Sometimes the relationship between separated or divorced parents is so conflict-ridden that they're unable to co-parent their children healthily. Some states, including North Carolina, have laws that address the role of parenting coordinators (PC) in these high-conflict cases.
A high-conflict situation isn't just one where parents don't like each other or occasionally disagree on parenting issues. For a PC to be ordered, a judge must believe that a child's well-being is at risk, short-term and possibly long-term, because of a couple's inability to work together as parents.
A PC is usually mandated by the court, with specific directives regarding his or her role and responsibilities in reporting back to the court. Even if a judge doesn't order parents to work with a PC, they may choose to have one anyway. The parents are required to pay a fee whether the PC is court-ordered or not.
Parenting coordinators are usually attorneys or mental health professionals.

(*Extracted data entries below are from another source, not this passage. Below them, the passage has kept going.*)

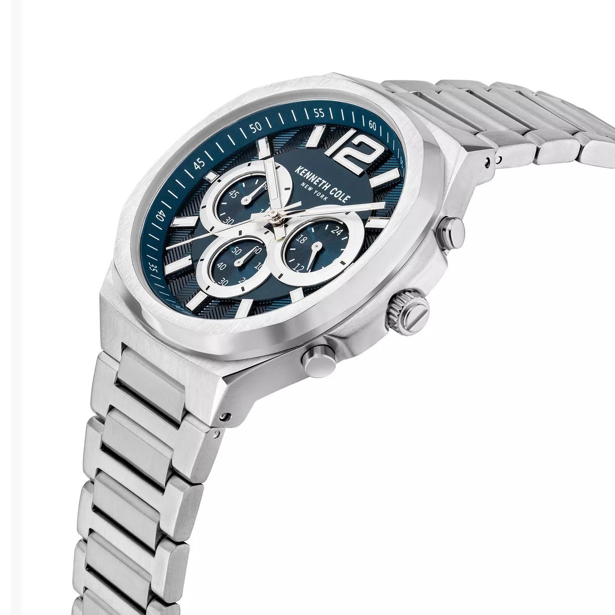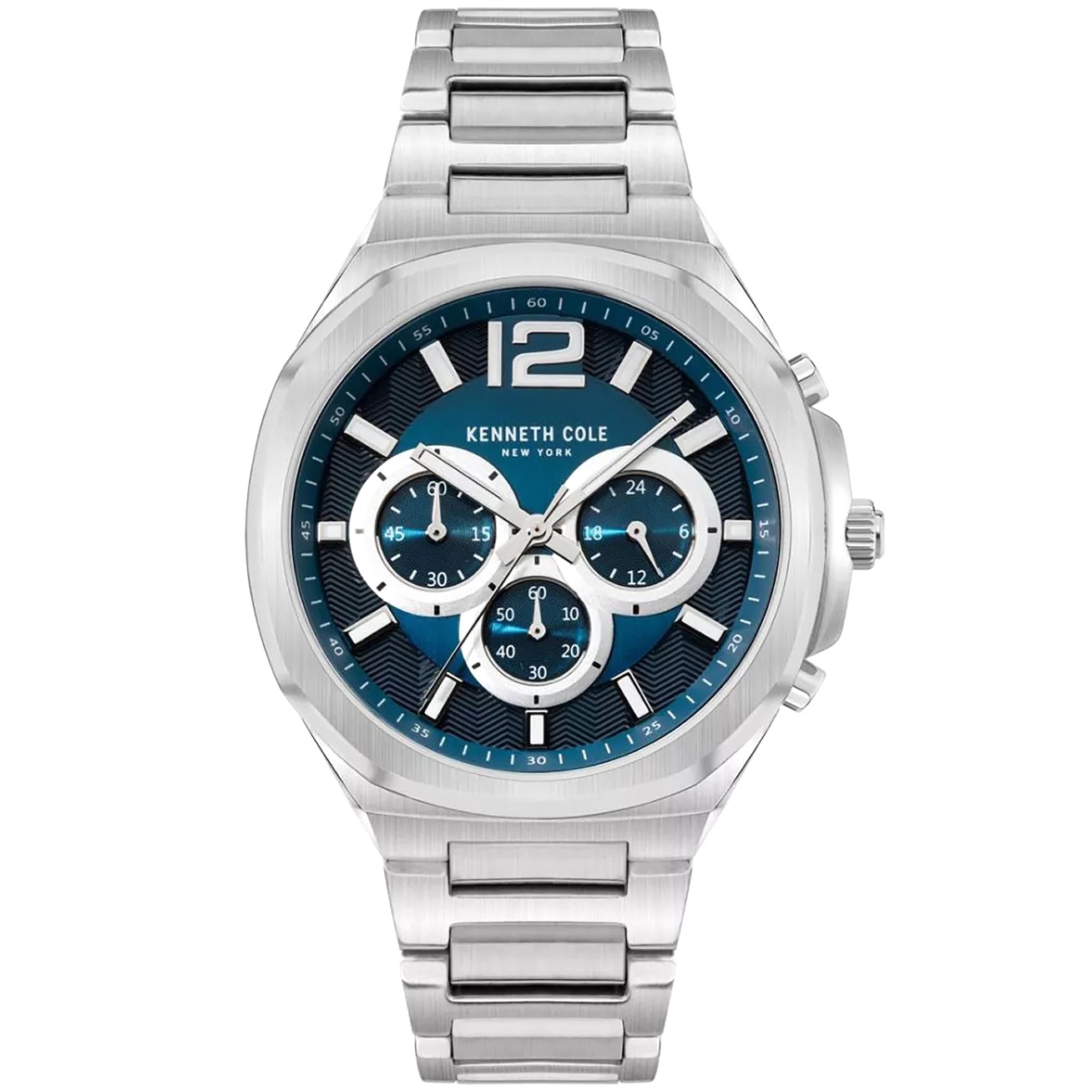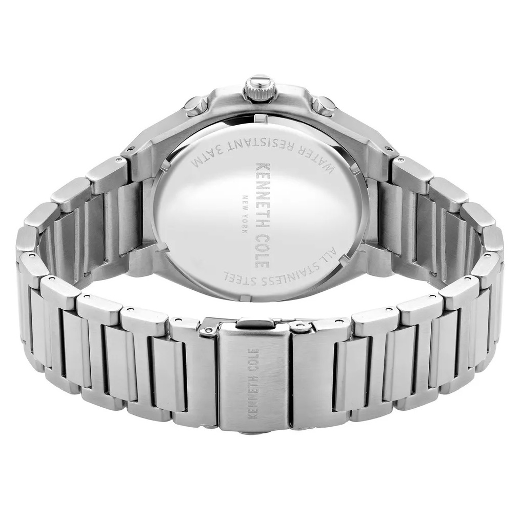 ساعت مچی مردانه کنت کول KENNETH COLE با طراحی اسپرت بند وقاب فلزی استیل وصفحه گرد ابی با قابلیت داشتن کرنوگراف, شب نما وموتورژاپنی با انرژی باتری و مقاوم در برابر آب تا عمق 30 متر به همراه دو سال گارانتی بین المللی
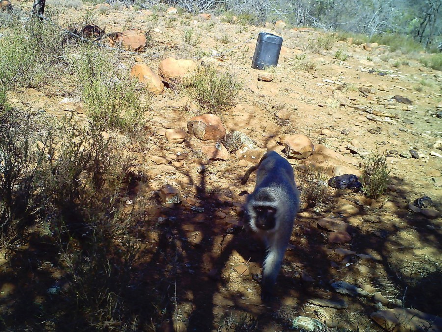 Wenn die Äste in den Baumkronen wackeln und man kleine Äffchen springen sieht, dann handelt es sich um die Grüne Meerkatze. Diese lustigen Gesellen sind schnell unterwegs und inspizieren hier neugierig unsere Wildkamera. Auf dem rechten Bild ist außerdem eine Manguste. Auch diese flinken Raubtiere leben auf der Farm.
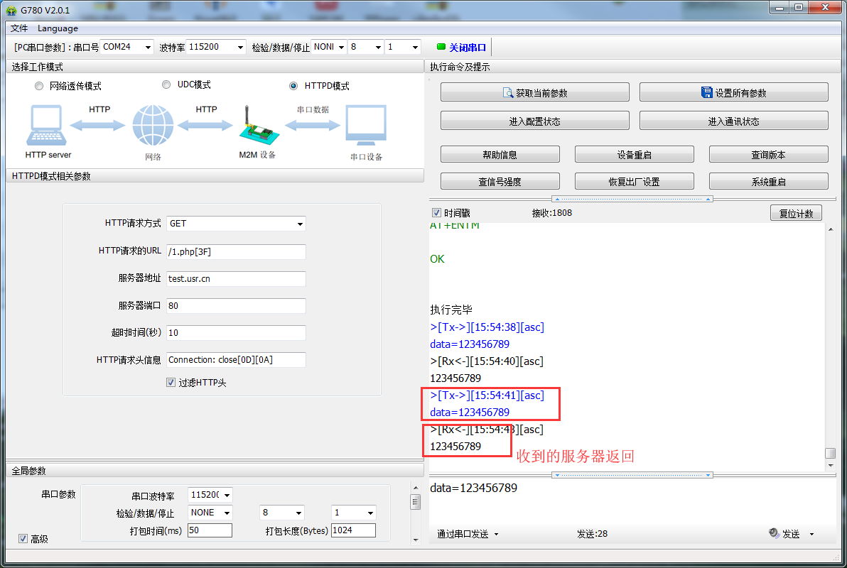 通過瀏覽器測試,發(fā)送的數(shù)據(jù)是123456789,服務(wù)器也返回了123456789,這個(gè)過程是單獨(dú)的測試服務(wù)器是否能正常工作,確定服務(wù)器是ok的,下面就是DTU和服務(wù)器的配合測試。
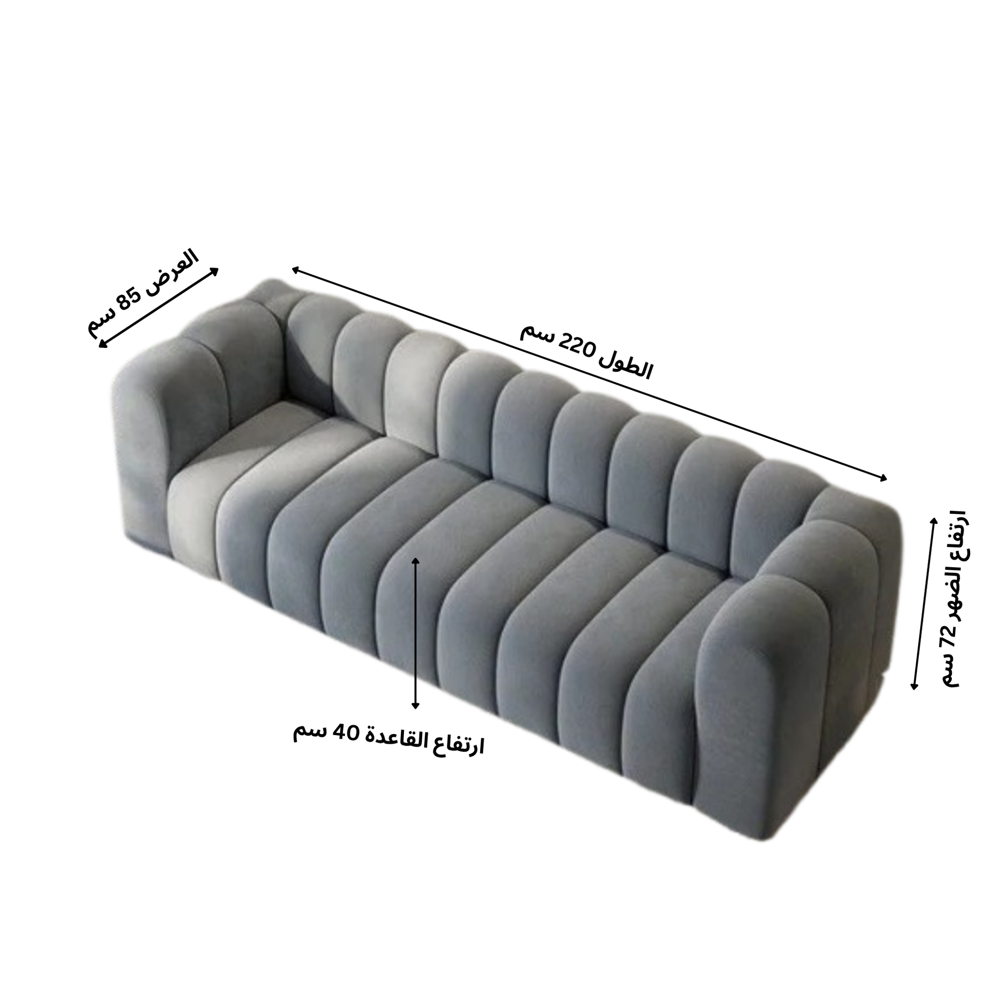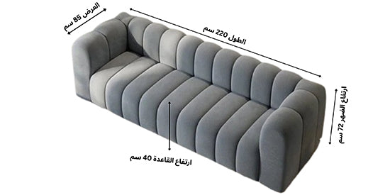 الأبعاد: الطول 220 سم، العرض 85 سم، ارتفاع القاعدة 40 سم، ارتفاع الظهر 72 سم.
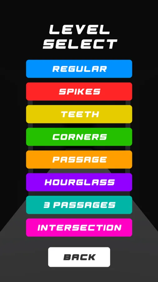 Along with the regular endless mode, there are 8 additional game modes for levels: Regular, Spikes, Teeth, Corners, Passage, Hourglass, 3 Passages, Intersection. Each game mode contains a different layout of unmovable blocks.
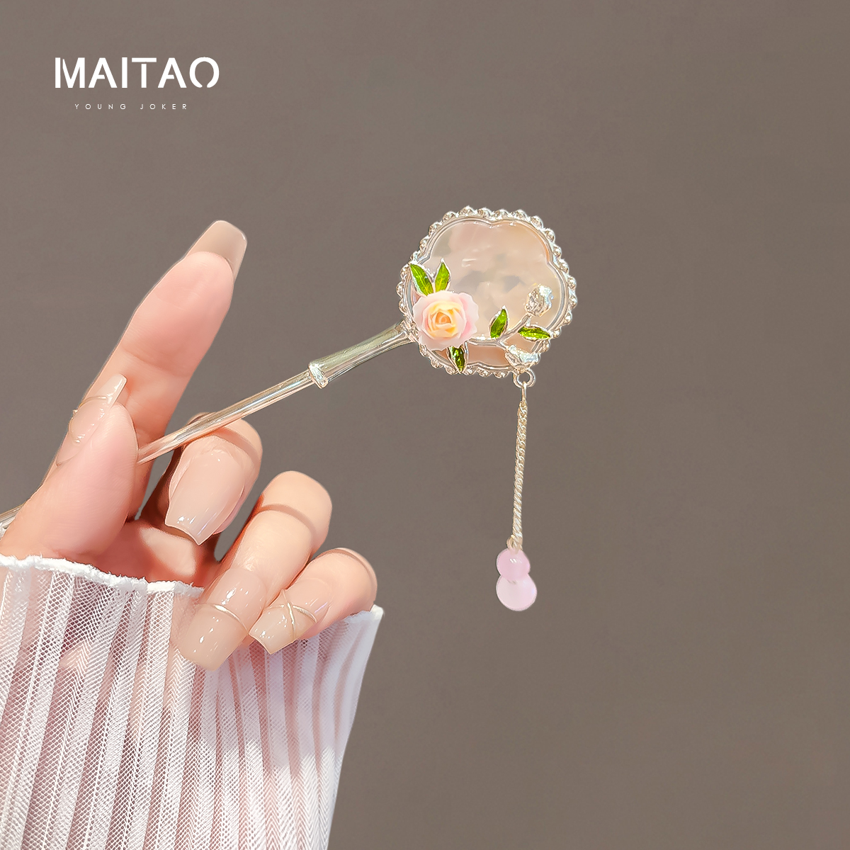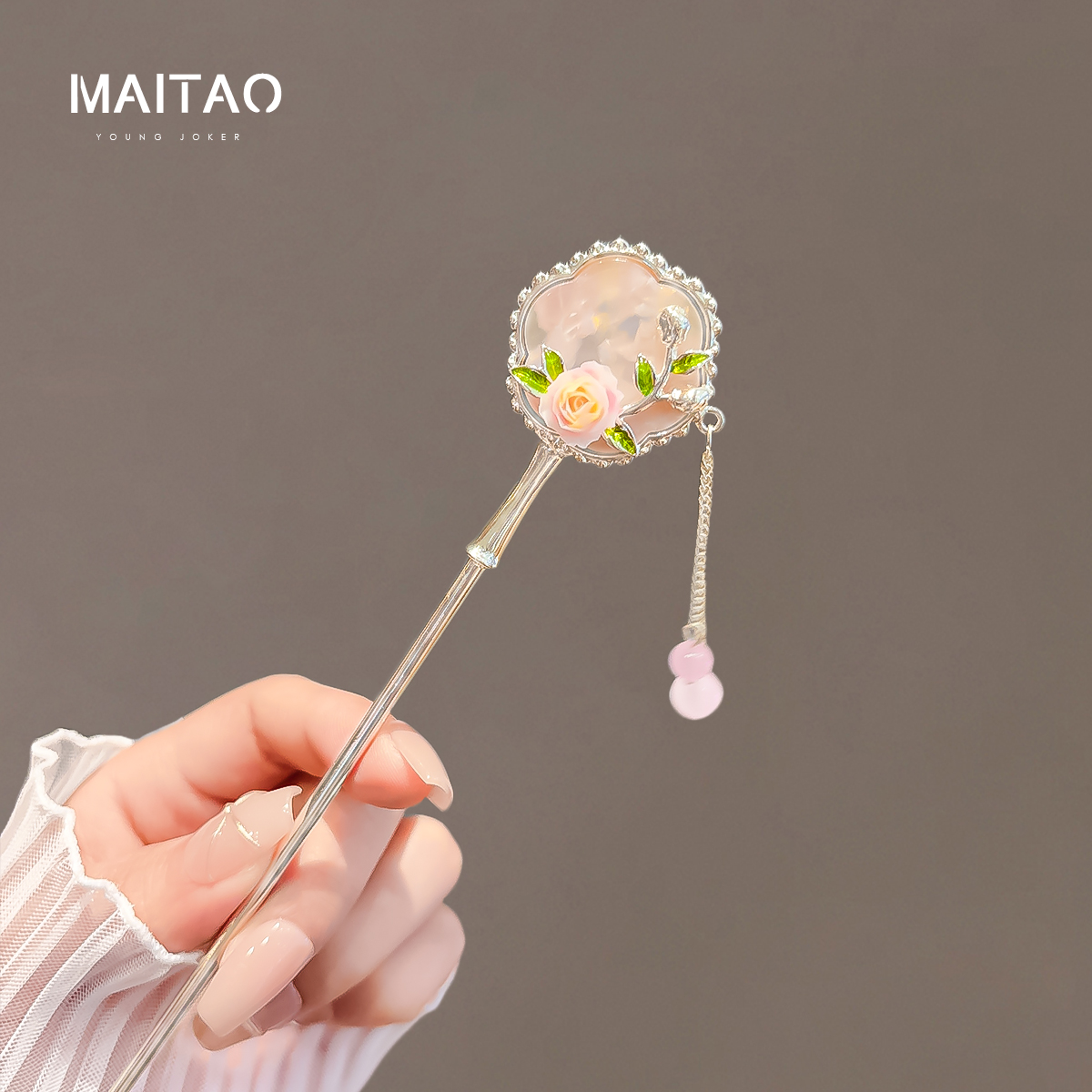 新款古风发簪子新中式玫瑰花汉服马面裙高级感步摇女簪花发钗头饰

They're a neutral party who can help parents develop the communication and problem-solving skills they need to create and stick to a parenting plan. The PC visits both parents' homes and may moderate complaints made by one parent about the other. A PC is usually involved for anywhere from one to three years.
The role of the PC should not be underestimated. His or her recommendations aren't just suggestions. If parents don't follow a PC's recommendations, there could be consequences. They are required to report to the court.
The PC can control and restrict a number of things related to children, including:
- Extracurricular activities
- Religious services
- Where parents can go and what kinds of activities they can engage in with their kids
- Who children can be around, including friends and family
This may seem like a lot of control, but it may be necessary if parents can't agree on these issues or if the children are being subjected to negative influences.
If one or both parents disagree with a PC's recommendations, they must file a motion with the court. A PC won't be replaced unless a judge agrees that there's a valid reason to do so.
If the court has ordered a PC, you need to understand what that person's role is and what your responsibilities are. Your North Carolina family law attorney can provide more information and advice for working productively with the PC for the good of your children.